Kegiatan yang berlangsung selama tiga hari, mulai tanggal 15 hingga 17 Juli 2026 ini, diikuti oleh 261 siswa baru yang tersebar di empat program keahlian. Agenda tahunan ini dibuka secara resmi oleh Pelaksana Tugas (Plt) Kepala SMKN 1 Rekayasa dan Teknologi Boven Digoel, Prodensia Bapa, di aula sekolah.
Dalam arahannya, Prodensia Bapa menekankan bahwa MPLS bukan sekadar formalitas pengenalan fisik sekolah, melainkan fase krusial dalam membentuk kesiapan mental siswa. Menurutnya, karakter yang tangguh, etos kerja tinggi, dan kedisiplinan merupakan modal utama yang wajib dimiliki oleh siswa pendidikan vokasi sebelum nantinya terjun ke dunia industri maupun melanjutkan studi.
Untuk memberikan pembekalan yang komprehensif, pihak sekolah berkolaborasi dengan berbagai instansi lintas sektor. Satuan Lalu Lintas Polres Boven Digoel hadir memberikan edukasi tertib berlalu lintas, sementara Koramil setempat melatih Peraturan Baris Berbaris (PBB) guna memupuk jiwa korsa dan wawasan kebangsaan.

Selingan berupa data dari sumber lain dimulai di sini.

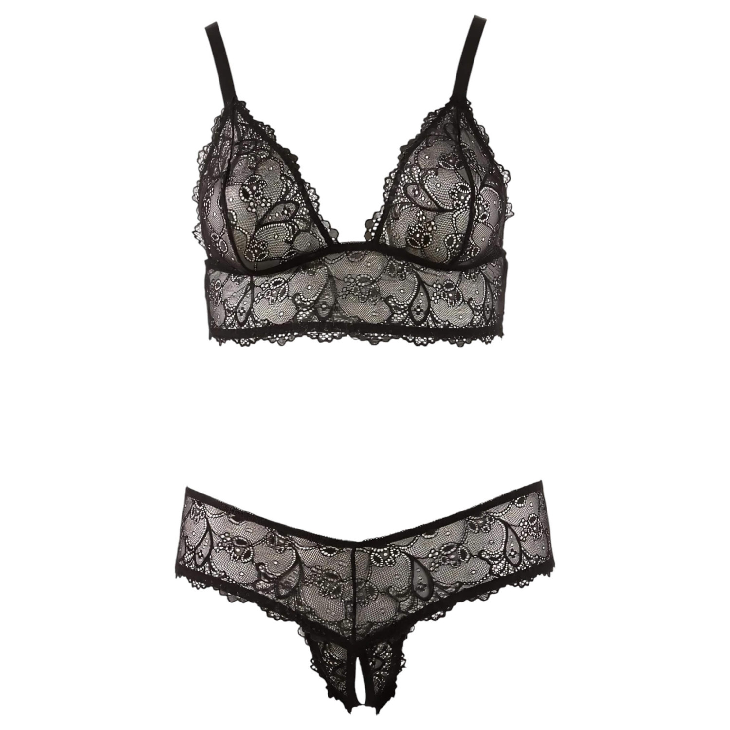 Cottelli Plus Size - set sutien din dantelă (negru) - XXL
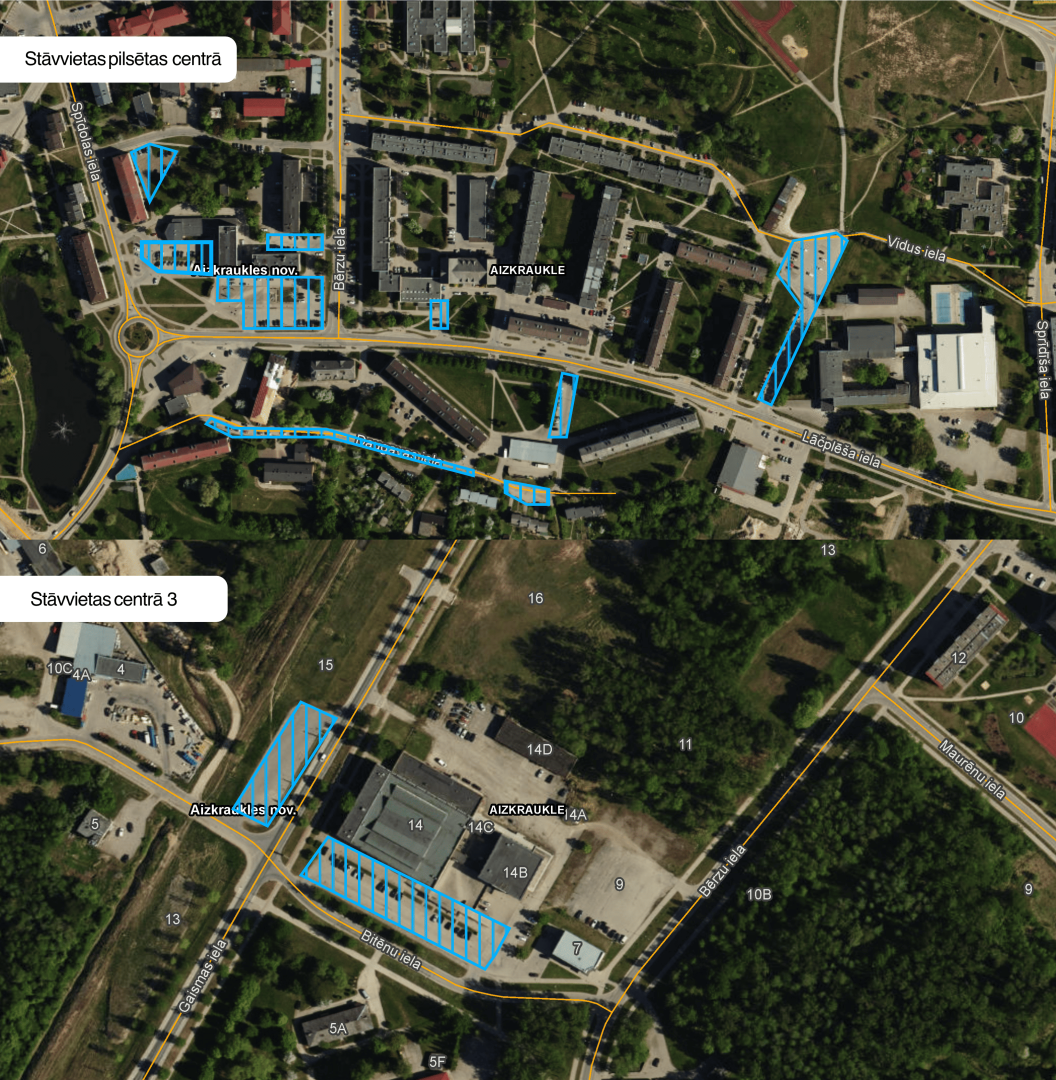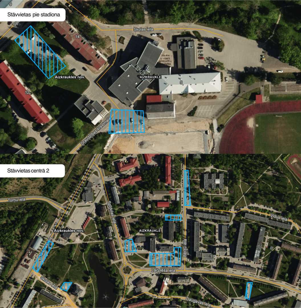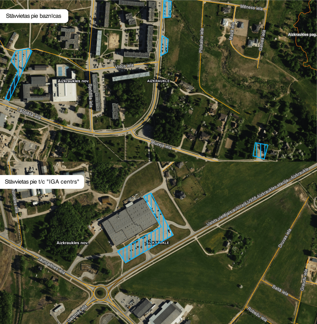 Ieteicamie stāvlaukumi atspoguļoti kartēs.

Selain itu, petugas kesehatan dari Puskesmas turut membekali siswa mengenai pentingnya menjaga pola hidup sehat.
Ketua Panitia MPLS, Yohanes B. Ohoiwutun, menjelaskan bahwa materi dalam ruang kelas diimbangi dengan pembiasaan langsung di lapangan. Siswa baru dibiasakan mengikuti apel pagi, menaati regulasi sekolah, serta menghormati seluruh elemen pendidik guna membangun atmosfer belajar yang kondusif dan saling menghargai.
Melalui kegiatan ini, pihak sekolah berharap para siswa baru dapat segera beradaptasi dengan ritme pembelajaran vokasi. Kerja sama dengan orang tua juga diharapkan tetap terjalin erat demi mengawal tumbuh kembang anak menjadi pribadi berkarakter yang siap bersaing di tengah tantangan zaman.